We have to get these things right - and we got a lot of things wrong post 9/11. We had the moral high ground, and we lost it. We started a war in Iraq for the wrong reasons. We moved from international consensus to deeply divided unilateral action. We did things which subjugated international law and civil liberties, when we probably didn't need to. We became embroiled in a civil war in Afghanistan, ending up fighting the wrong enemy in the wrong country long after our original objective was achieved. We ran an extremely effective advertising campaign for Al-Qaeda, reinforcing their brand and churning out regular recruitment material. Above all, we saw too much through our own prism of threats, rather than thinking about threats to others that were also threats to the West, doing little – for example - to help revive the Middle East peace process.

We got so many things wrong because the initial, despicable provocation was so unusual and unexpected. Ten years on, Bin Laden is now dead and the loose network which organised the 9/11 attacks is far weaker that it was. The Arab Spring is showing that people can achieve change through revolution rather than regime change or having the West "re-order the world around us", as Tony Blair suggested. It is the thing that should fill us with most confidence, more so than Bin Laden's largely symbolic death.

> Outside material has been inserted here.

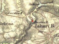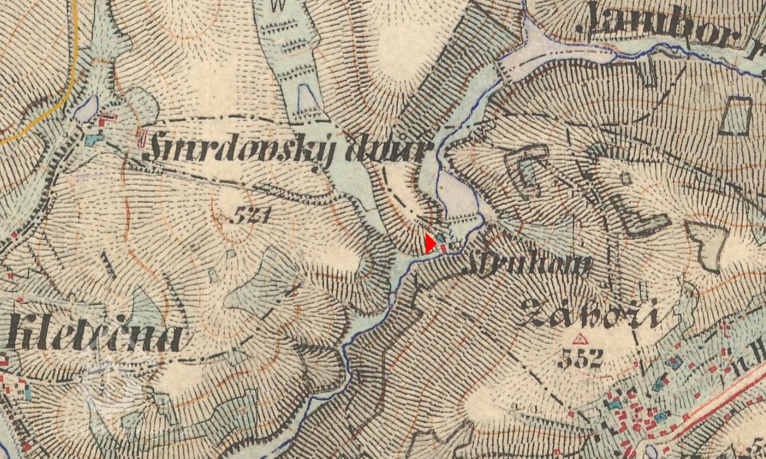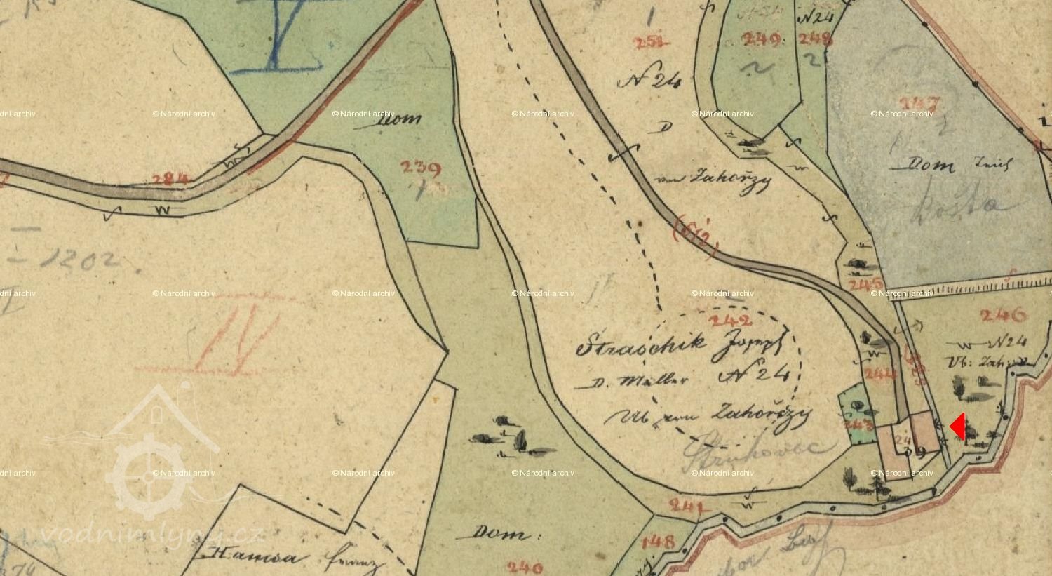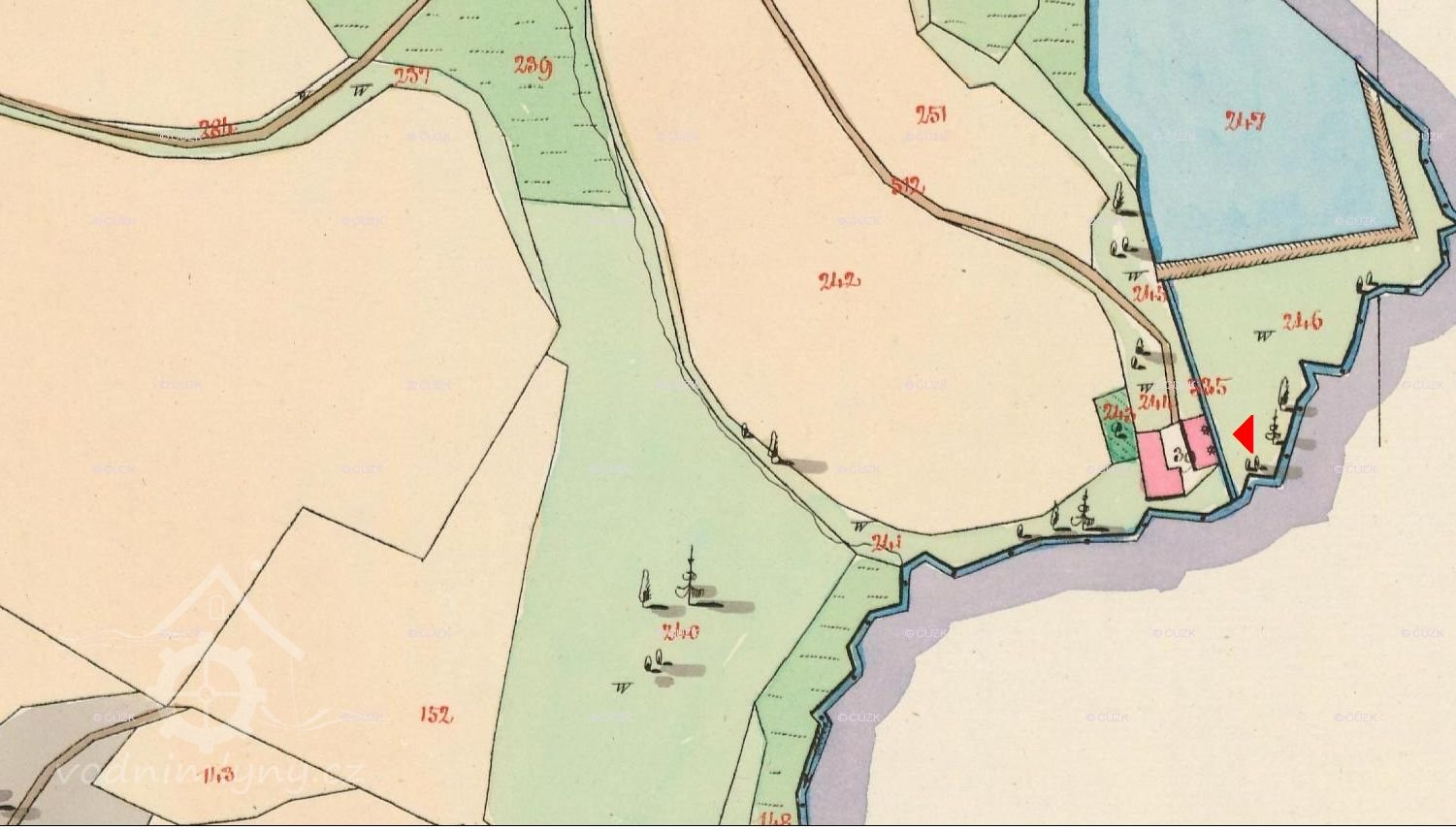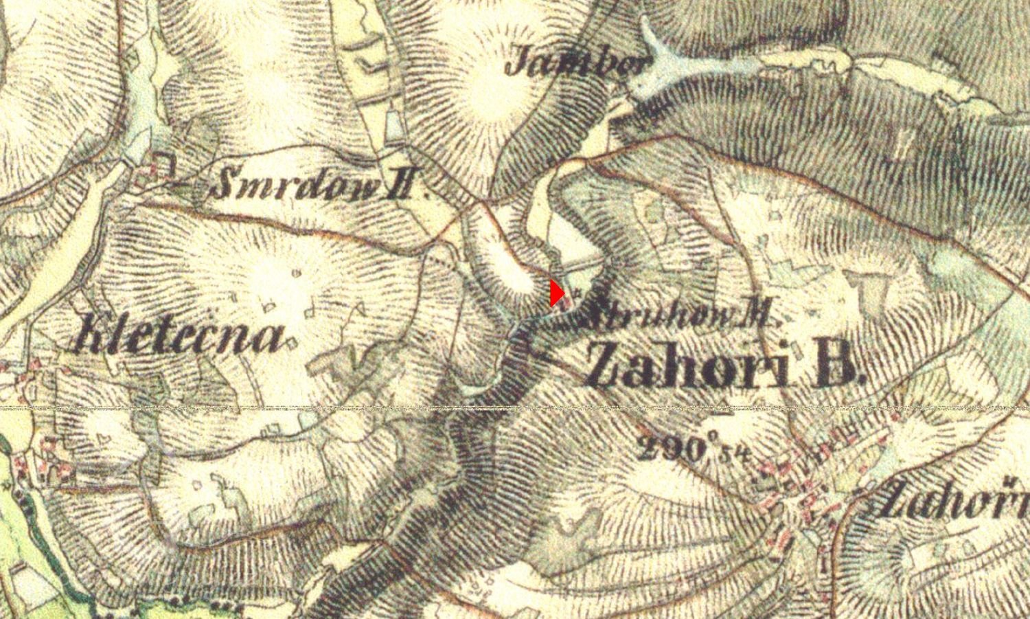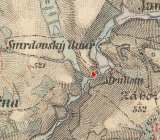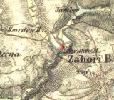 Fixní bod stanoven na rohu mlýna proti rybníku na způsobu P.Ž. trojúhelník na špičku 1891

It is a glimpse, I think, of the future where the West intervenes more sparingly and subtly. Influencing debate and arguments rather than starting wars. Helping countries from the Middle East to India and Pakistan to resolve differences which threaten wider stability; having a hard-headed, not knee-jerk view of the threats we face (the scale of the current threat from Iran is a case in point); having the courage to do difficult things in new partnerships (trying to end the war in Afghanistan by talking to the Taliban and talking to Iran; facing up to the reality of a Chinese super-power).

The West has moved on a long way since 9/11. Hardly anyone still uses the phrase "war on terror". It's widely agreed that the Iraq War was a mistake. We are being careful in Libya and the wider Arab Spring to support but not to interfere too much. We should now step back in Libya; no more nation-building. US involvement there was significant, but hardly publicised. It's widely agreed that we need a political solution to get out of Afghanistan, but we need to get on with it much more quickly and with much wider participation.

The 9/11 decade's legacy provides many lessons to learn. We need to keep on learning the lessons, and make sure they - along with all those of all nations who have perished - are never forgotten.

On the basis that it's hardly fair to write a piece on 10 years of foreign policy with 20/20 hindsight and not offer detailed thoughts on the future.... in the next few weeks, I’m going to blog again to spell out in more detail the thoughts I have on the big foreign policy challenges of the next decade.